Tuesday, February 27, 2007

Children of Men: The Review

"Rule, Britannia! Britannia rule the waves,
Britons never, never, never shall be slaves!"

So goes that famous "Rule Britannia" rhyme, THE marching song of arrogant Victorian imperialism.... The smug mantra that drove the sons of greatest empire the world has ever seen,confident that the sun will never set on their rule. Well, the sun did set indeed when a saint from India and later on an evil psycho from Germany challenged Britain, each in his own unique way. And now, the UK is a pitiful poodle state to the United States, a "has-been", an "Aunty" to Uncle Sam, floundering and imploding due to it's three hundred years of bad Karma. (Tsst. This post ain't gonna talk about "Perfidious Albion" or bore you folks with my tirade against them Brits, who I have a MUCHO GRANDE GIGANTIC problem with...... just let me make an introduction on a personal note, wokay?). Given their glorious history and all that jazz, it amuses me, sometimes in a surreal way, whenever I encounter any work of art (movies/music/literature) which portrays a dystopian or even an ugly, defeated England. The first time I enjoyed the perverse delight was when I watched Ian McKellan's Richard III eleven years ago.... I got further doses with Orwell's incomparable "1984", Robert Harris's "Fatherland", Michael Caine's gangster movie "Get Carter", Alan Moore's epic graphic novel "V for Vendetta", Christian Bale's fantasy sci-fi "Reign of Fire"and Alan Moore's recent work, "Albion".
Now a few hours ago I watched Alfonso Cuaron's latest movie, "Children of Men" which came highly recommended by a pal of mine. This film is set in a dystopic Britain (yaaaaaaaaaay!) in a bleak near future where a pandemic obliterates every last child and render mankind totally infertile. Now this is where the similarities to Ms. Phyllis James's original novel effectively ends..... Curaon's contribution is in converting this run of the mill sci-fi into a deep, layered and sensitive work of art. A movie where each shot make us think, if not shock one outright. This time the picture of a bleak, chaotic Britain didn't make me feel ummmmm, delighted; the themes were too painfully obvious, the "possible near future" too close for comfort, the threats and violence depicted too close to home and the shade of the whole world a tad too grey...................

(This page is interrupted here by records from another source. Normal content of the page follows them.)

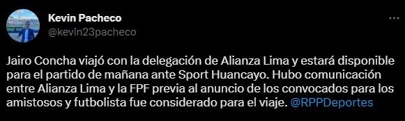 “Jairo Concha viajó con la delegación de Alianza Lima y estará disponible para el partido de mañana ante Sport Huancayo. Hubo comunicación entre Alianza Lima y la FPF previa al anuncio de los convocados para los amistosos y el futbolista fue considerado para el viaje”. Mencionó el comunicador social, que maneja excelente información sobre el equipo del pueblo. Que ahora se impuso ante el poder máximo de nuestro país.
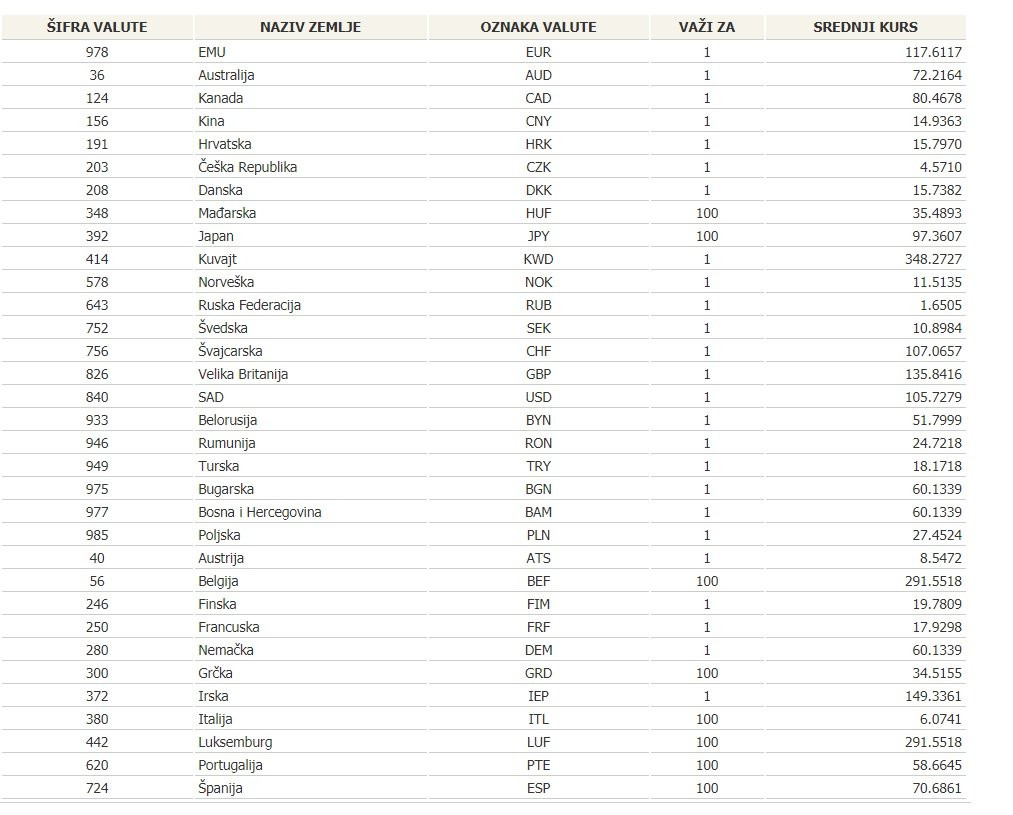 Zvanični srednji kurs dinara za evro iznosi 117,2912 dinara.
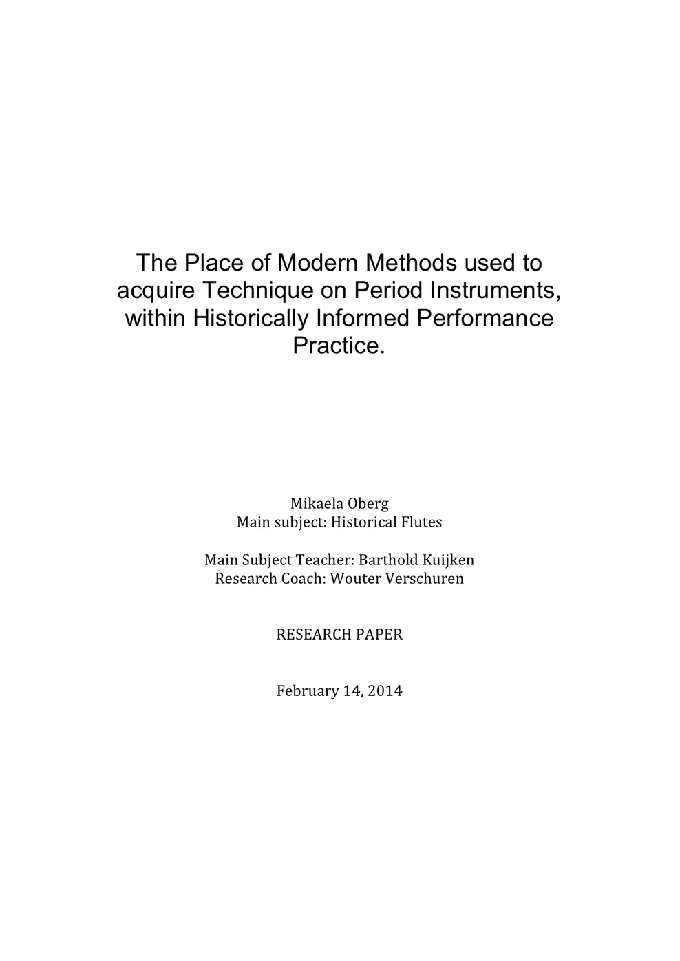 Name: Mikaela Oberg Main Subject: Historical Flutes Research Coaches: Wouter Verschuren Title of Research: The Place of Modern Methods used to acquire Technique on Period Instruments, within Historically Informed Performance Practice. Research Question: How has the way we acquire technique on the flute developed since 1700 and to what extent can the use of instructional methods intended for Boehm system flutes within historically informed performance practice be deemed valid? Research Process: The information for my research has come from a collection of over fifty treatises, methods and technical workbooks written between 1700 and 2013. My historical overview was based on a more in-depth analysis of just over thirty of these and I also interviewed twenty-seven historical flute players, of various ages and levels to acquire an understanding of the current approach towards technical development. Summary of Results: By examining a large variety of flute instructional methods written across three hundred years I have discovered that there is a continuous relationship in ideologies associated with the development of sound, articulation and finger technique on the flute. This continuity of ideas, combined with the results of my interviews with current student and professional historical flute players has brought me to the conclusion that it is quite valid for historical flute players to include methods intended for Boehm system flutes as part of their practice material. I have found evidence supporting the fact that eighteenth century flute players included technical exercises as part of a daily practice routine, apart from their repertoire practice. I have also found that the most popular and enduring exercises in use today, many of which us flute players know from our modern flute studies, have their foundations in material found in eighteenth and early nineteenth century method books. In my power point presentation I will offer various examples from my research material highlighting the development of technical material from 1700 to the present. This will display the links that exist between the old and the new as well as offer several often over-looked suggestions for flute players looking to expand their practice resources.
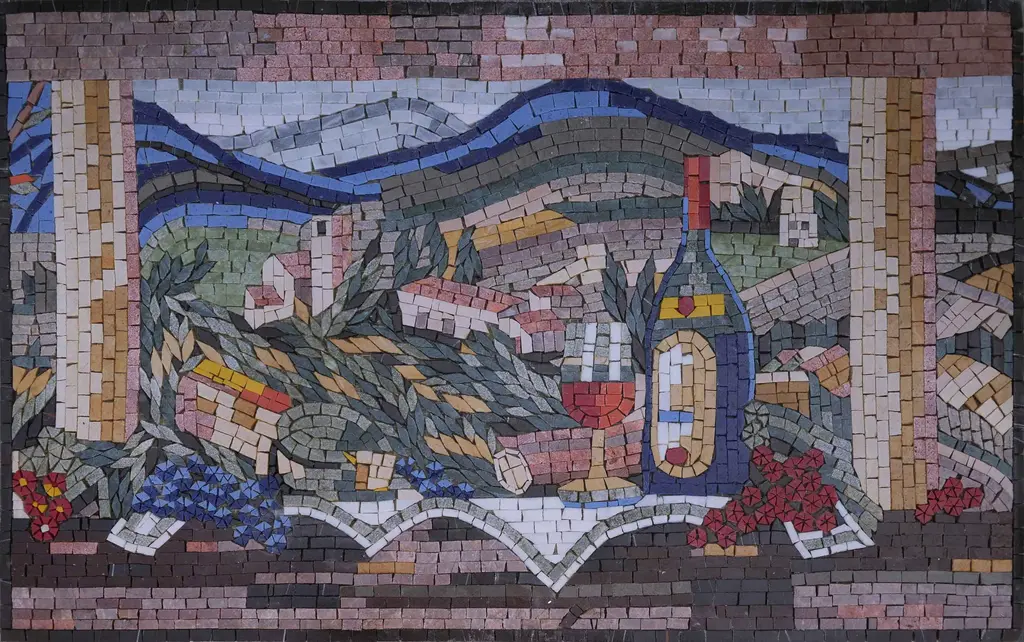 Introducing the Vino e Frutta All'aperto Mosaic Mural, a stunning piece designed to bring the charm of the French countryside right into your home. This exquisite mural is perfect for those looking to add a touch of elegance and sophistication to their interiors. Crafted from luxurious natural marble mosaic stones, the Vino e Frutta All'aperto Mosaic Mural showcases a beautiful array of calming pastel colors that create a serene and inviting atmosphere. Ideal for kitchen backsplashes or accent walls, this mural not only enhances the aesthetic appeal of any space but also embodies durability and practicality. Its waterproof design ensures that it can withstand the rigors of daily life, making it a perfect choice for both functional and decorative purposes. Each piece is meticulously handmade, reflecting an artistry that transforms simple walls into captivating displays of art.Imagine savoring your favorite moments surrounded by the tranquil beauty of your Vino e Frutta All'aperto Mosaic Mural, where every glance invites you to experience the peaceful charm of outdoor vineyards and lush landscapes. Elevate your environment with a mural that is more than just decoration; it’s an expression of style and a celebration of nature's bounty. Make your home a sanctuary of beauty and quality with the Vino e Frutta All'aperto Mosaic Mural, and let it inspire leisurely gatherings and intimate dinners in the comforting embrace of its artistic allure.
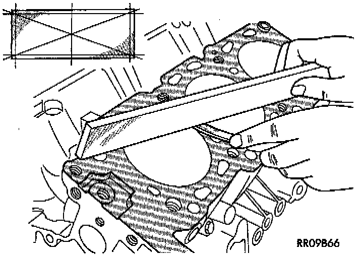 1. Clean cylinder block and check top surface for distortion with a straight edge and thickness gauge.
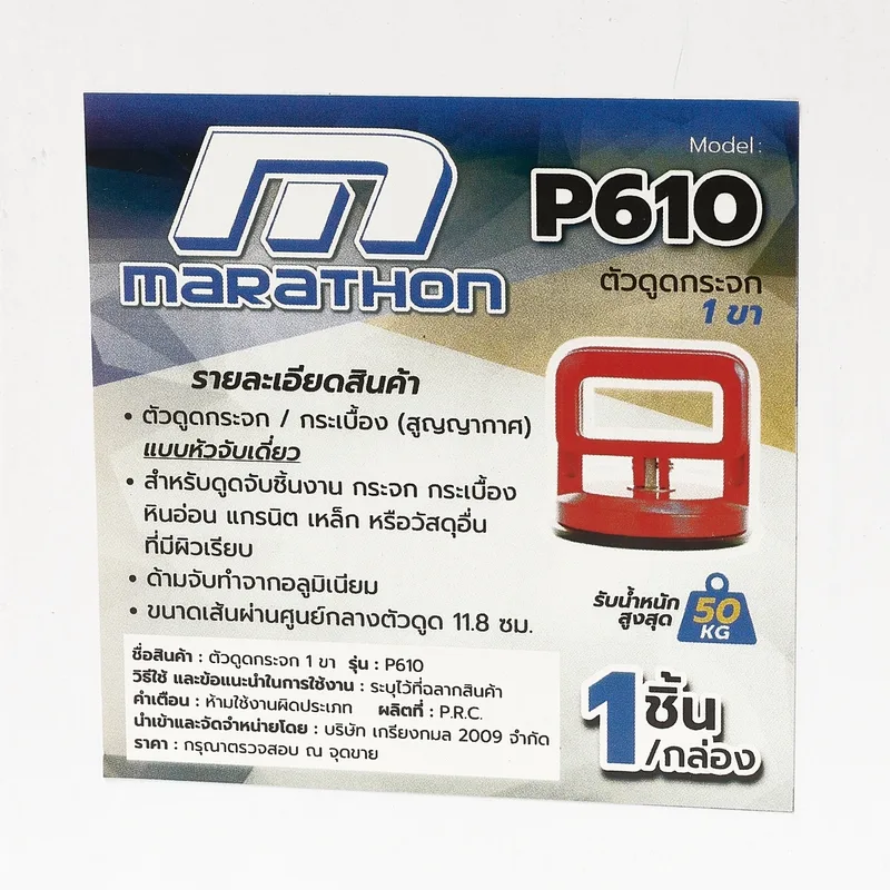 MARATHON P610ตัวดูดกระจก1ขา รับน้ำหนักสูงสุด50KG.
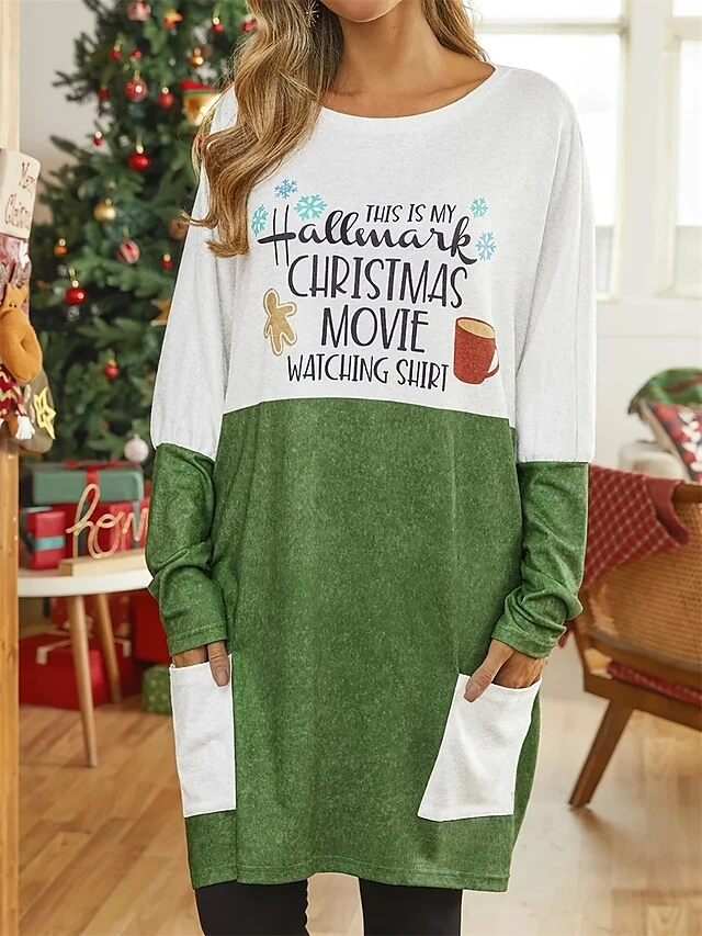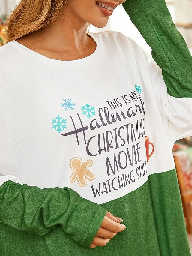 Women’s T Shirt Tee Christmas Shirt Green Color Block Letter Pocket Print Long Sleeve Christmas Weekend Festival / Holiday Christmas Round Neck Regular Fit Painting Spring &Fall
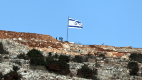 Израелски войници стоят до израелско знаме от ливанската страна на границата, близо до южното ливанско село Марун ал-Рас, 26 ноември 2024 г., на фона на трансгранични военни действия между "Хизбула" и Израел.
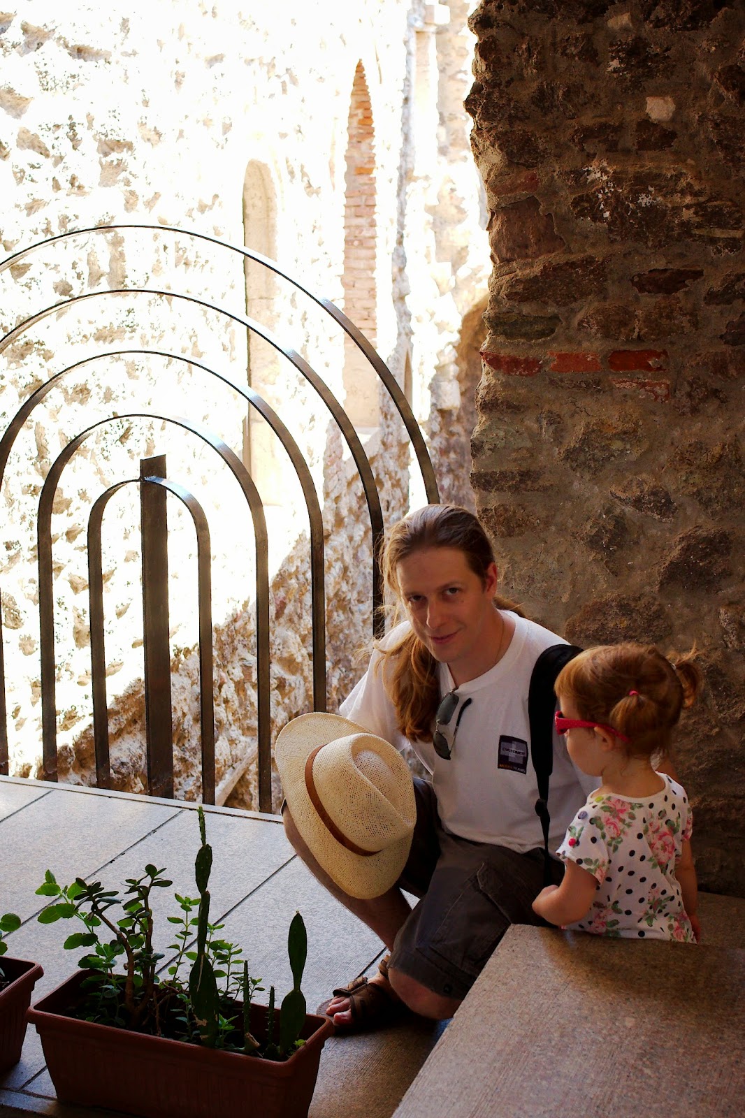 Miután Nóri felébredt, evett egy kis gyümölcsöt (a meleg miatt nem volt valami nagy az étvágya), majd felmentünk a várhoz. Itt majdnem egy órát mászkáltunk, bejártuk a várfalat és a kertet is.
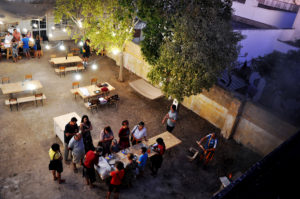 We experiment building sites as places of knowledge exchange and conviviality. In a first step we conceive places of production and furnish the tools and methods to produce a construction site situation that understands and respects the local and concrete needs and has the capacity to adapt throughout the process to unexpected turns. We live in situ and put in place the infrastructures that assure the high quality of the space, the food, the exchange and everything that is needed to produce something worthwhile. Construction is the first step of inhabitation. Or, cohabitation. The construction site is a strategic position from which we can initially observe the local reality and initiate a situation of encounter to tame and be tamed by the local communities and later hopefully be incorporated. Often, our spatial interventions become a support structure, where different projects and initiatives can be developed. We want to create a visible space, qualified to stimulate a new sociality, but at the same time, we want to keep its potential open and not predefine its outcome. Members of the collective offer a unique social capital to the local economy. Apart from creative energy and ideas, the collective is gifted with practical hands-on skills and tools that can be very useful to the community such as woodworking, printing press, graphic design, mediation, metal-working and baking.
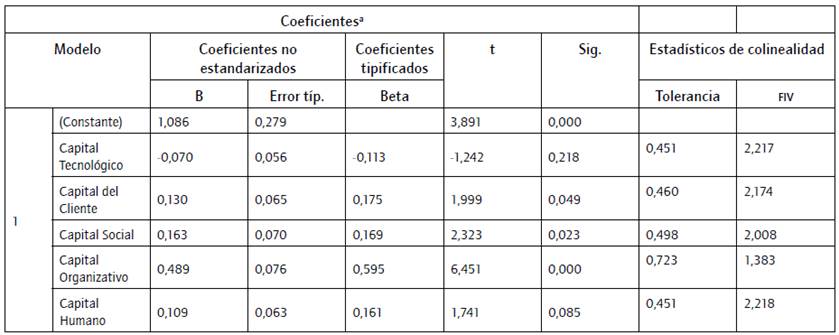 Para comprobar las hipótesis planteadas en este estudio, se hizo uso de la regresión múltiple, tomando como variables independientes el capital humano, social, organizativo, tecnológico y del cliente; por su parte, como variable dependiente se utilizó el desempeño de la organización. En la tabla 4, se puede apreciar el resumen del modelo de la regresión múltiple efectuado, en el que las variables independientes tienen un fuerte poder explicativo -R cuadrado- de 67,4% de la variación sobre la variable dependiente desempeño de la organización. Asimismo, el valor de F es relevante con un nivel de 35,170 (sig. = 0,000). Finalmente, el indicador Durbin-Watson se mantiene por debajo de 2.
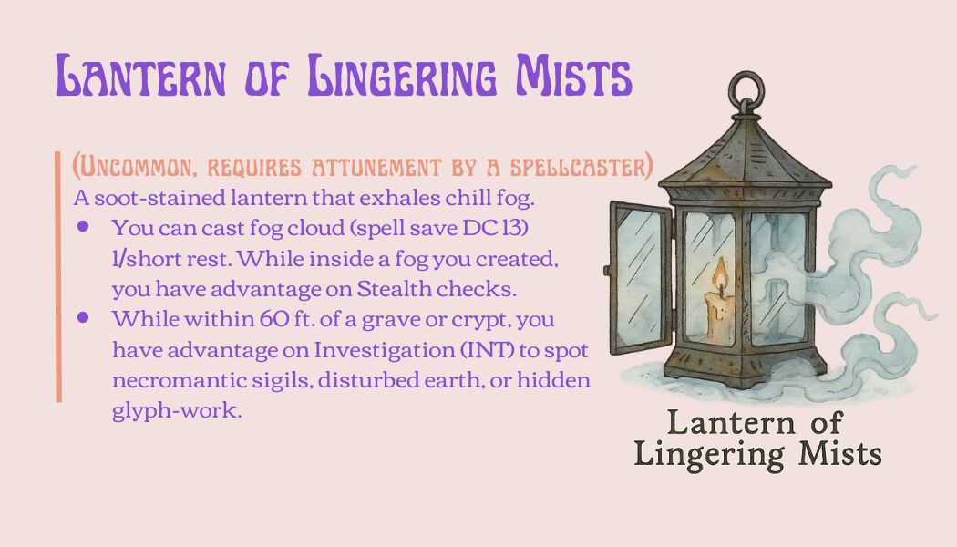 Lantern of Lingering Mists (Uncommon, requires attunement by a spellcaster)
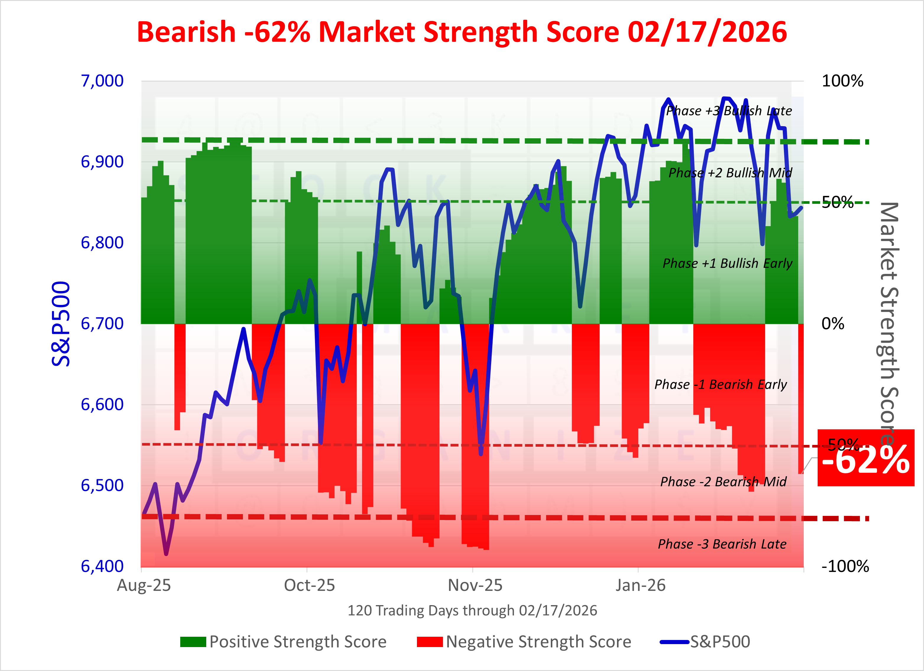 NEW - NEGATIVE Market Strength Score Tue 2026-02-17 (Phase -2 Bearish Mid -62%)

{PS: Possible spoilers and give-aways ahead}


Themes:

Britain is shown as the "last surviving state" in a world that has fallen apart on Govt. propaganda..... this is actually a tribute to the tyrants of Moore's "V for Vendetta" parotting "England Prevails" in a world that has gone to shit! The hounding up of refugees, derisively called "Fugees", is also similar to Alan Moore's racist Norsefire Govt. in V for Vendetta rounding up every single non-caucasian and sexual-deviants (LGBTs) in Britain into death camps and silently eliminating them all (some of the most disturbing scenes in visual pop-art are found in V for Vendetta, set in the Larkhill death camp). Apparently the rest of world has gone mad with despair and violence and apparently, "Only England stands". Now the image of a Britain standing ALONE in the face of great odds will strike a chord in hearts worldwide given their stoic defiance in the face of seemingly unstoppable German juggernaut...... those two tense years where neither the US nor the USSR was around to fight the Nazis. This epic defense was maintained by a very caring, concerned, efficient and courageous British Government who actively supported and involved their own citizens. Curaon imaginatively twists this motif by depicting a UK which "stands alone" but maintains order by "stamping an iron-heeled boot into the human face.... forever", (as O' Brian puts it in 1984). While that Britain of past acted as a rock of security for the refugees from the French revolution, the Jacobin terror and the German threat, Cuaron's England rounds up anyone who "doesn't have papers" in a manner that would give Yezhov's and Beria's NKVD a complex. He underlines the point by having illegal immigrants packed tight in steel cages and even inserts a surrealy brilliant device by having an old German lady pleading piteously in her cage...... the Holocaust in reverse, anyone? :)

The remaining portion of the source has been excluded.